# EF 16-35 f4L IS Owners - Did you buy slim filter UV/Protector for it?



## Triggyman (Dec 6, 2014)

Hi Everyone:

I am 99% certain to add my final lens for the foreseeable future by tomorrow - the 16-35 f4L.

For the fine folks here who already own that lens, have you purchased a UV or Protector filter (slim) to complete the front seal as recommended by Canon?

If yes, did you get the either UV or Protector (clear) filter? Which one is better? The slim B+W isn't really that cheap.

If no, what's the reason?

Thanks. G.A.S. isn't cured with the 24-70II from 3 weeks ago...I say "sc**w saving money this Christmas, I want it..." :'(


----------



## e17paul (Dec 6, 2014)

Final lens? I've believed that before..


----------



## muchakucha (Dec 6, 2014)

I got B+W 77mm XS-Pro Clear with Multi-Resistant Nano Coating (007M) for mine and it works great


----------



## NorbR (Dec 6, 2014)

I have a Hoya HD Protector for my 77mm lenses, works just fine, I haven't seen any major problem with it yet, and it's easy to clean. I like Hoya HD Series, good quality at good prices imho.


----------



## Ryan85 (Dec 6, 2014)

muchakucha said:


> I got B+W 77mm XS-Pro Clear with Multi-Resistant Nano Coating (007M) for mine and it works great




+1.....I have the same on all my lenses including the 16-35 f4 and they work great. You'll love the lens it's awesome.


----------



## slclick (Dec 6, 2014)

muchakucha said:


> I got B+W 77mm XS-Pro Clear with Multi-Resistant Nano Coating (007M) for mine and it works great



Same +1


----------



## tron (Dec 6, 2014)

Yes, I got a slim HOYA HD UV filter


----------



## Triggyman (Dec 6, 2014)

e17paul said:


> Final lens? I've believed that before..

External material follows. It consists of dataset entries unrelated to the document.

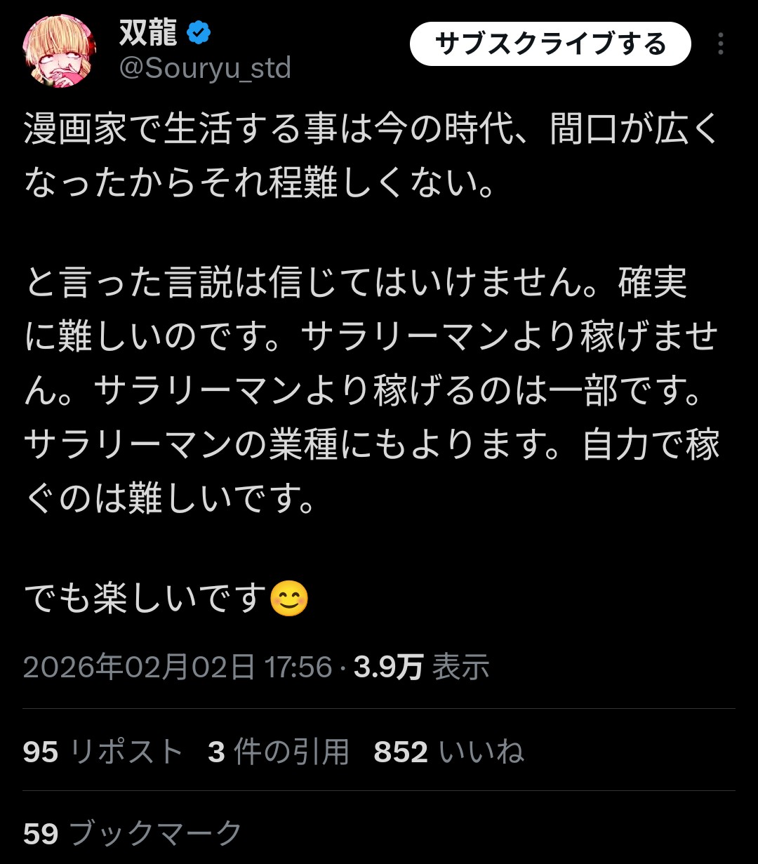 | … | 126/02/03(火)19:05:53No.1398503190そうだねx25>漫画家がサラリーマンより稼げるなんて嘘です |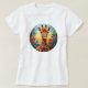 The unique t-shirt design features a round AI-generated giraffe portrait in stained glass.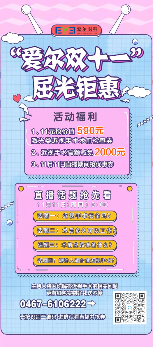 雞西愛爾眼科醫(yī)院近視手術(shù)雙十一鉅惠來襲!
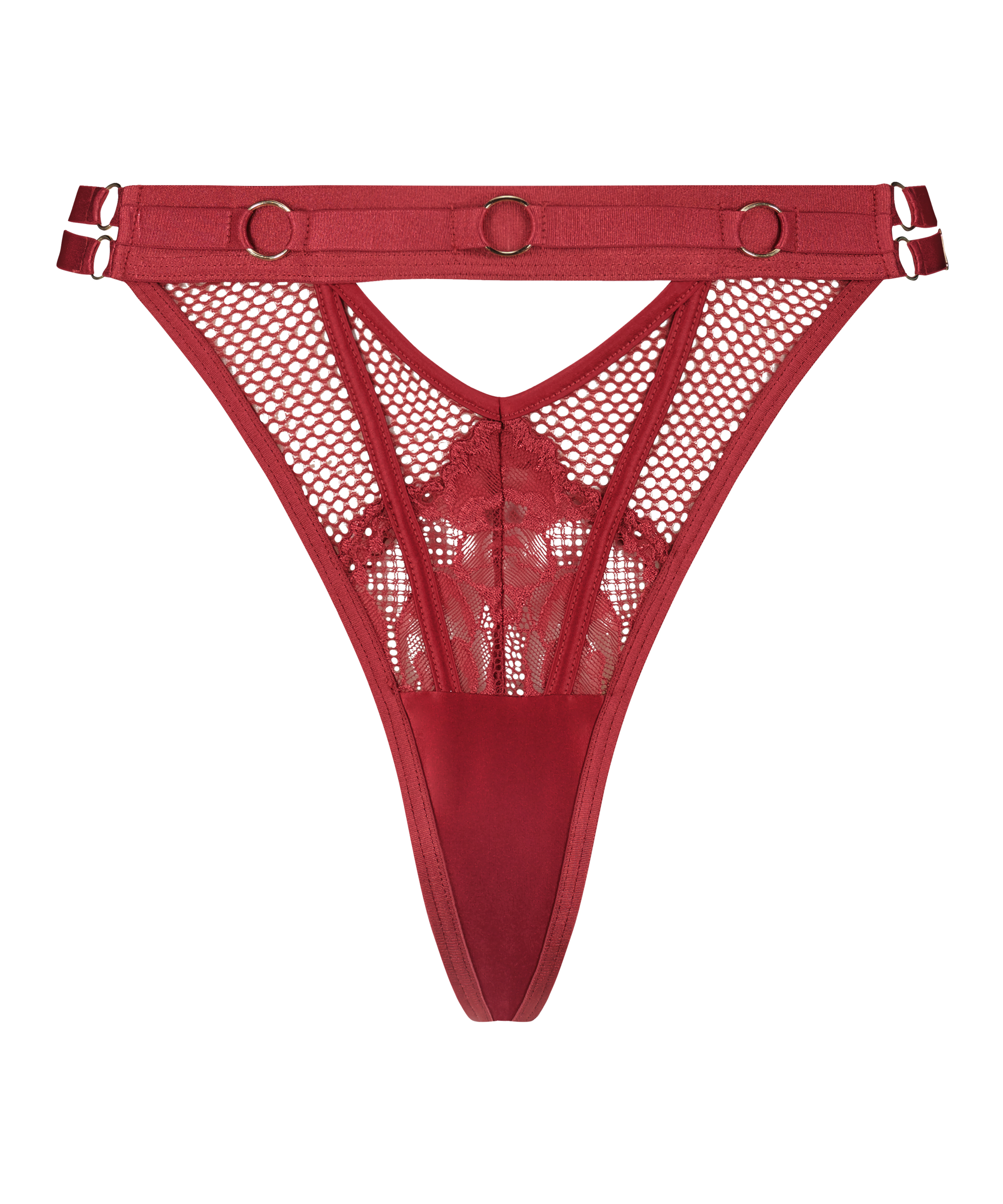 Denne supersexede g-streng er i en helt ny liga. Den er fremstillet af fiskenetmateriale og er pyntet med blonde og snøredetaljer, som giver et pikant look. Der er udskæringsdetaljer for og bag sammen med metaldetaljer på det brede bånd. Find den tilhørende corsage, og fuldend looket!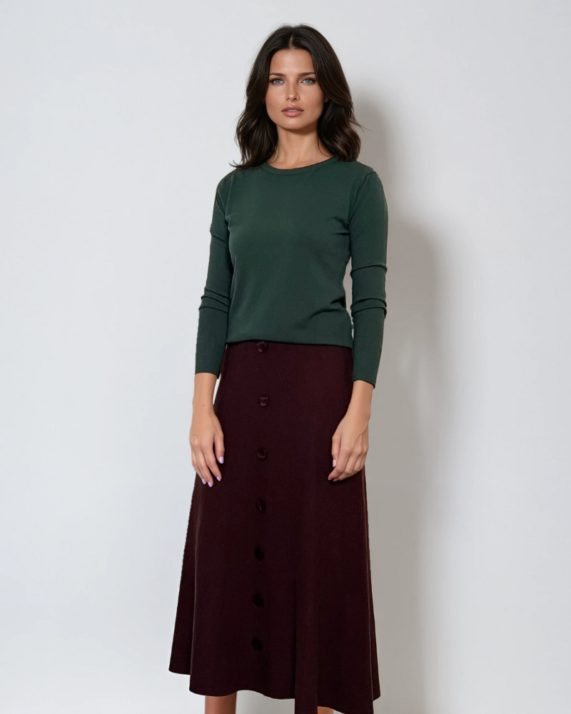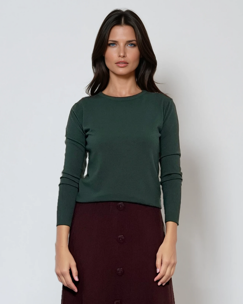 Pulover călduros guler rotund verde dark oferă un echilibru perfect între simplitate și eleganță. Materialul moale din mix de viscoză îl face extrem de plăcut la purtare, iar croiala dreaptă avantajează orice tip de siluetă.

LOL You know what I remember coughing a bit when I previewed my post.


----------



## infared (Dec 6, 2014)

muchakucha said:


> I got B+W 77mm XS-Pro Clear with Multi-Resistant Nano Coating (007M) for mine and it works great



+100


----------



## Triggyman (Dec 6, 2014)

Finally brought my new baby 16-35 f/4 home and bought a Hoya HD slim UV filter with it as the BW mentioned in this thread was out of stock at my favorite store. 

I believe shelling out an extra hundred bucks (Canadian) for a filter is good cheap insurance along with the hood, knowing that it would at least protect the front element from knocks against pointy corners, and prevent dust and water to enter the lens through the front, etc. 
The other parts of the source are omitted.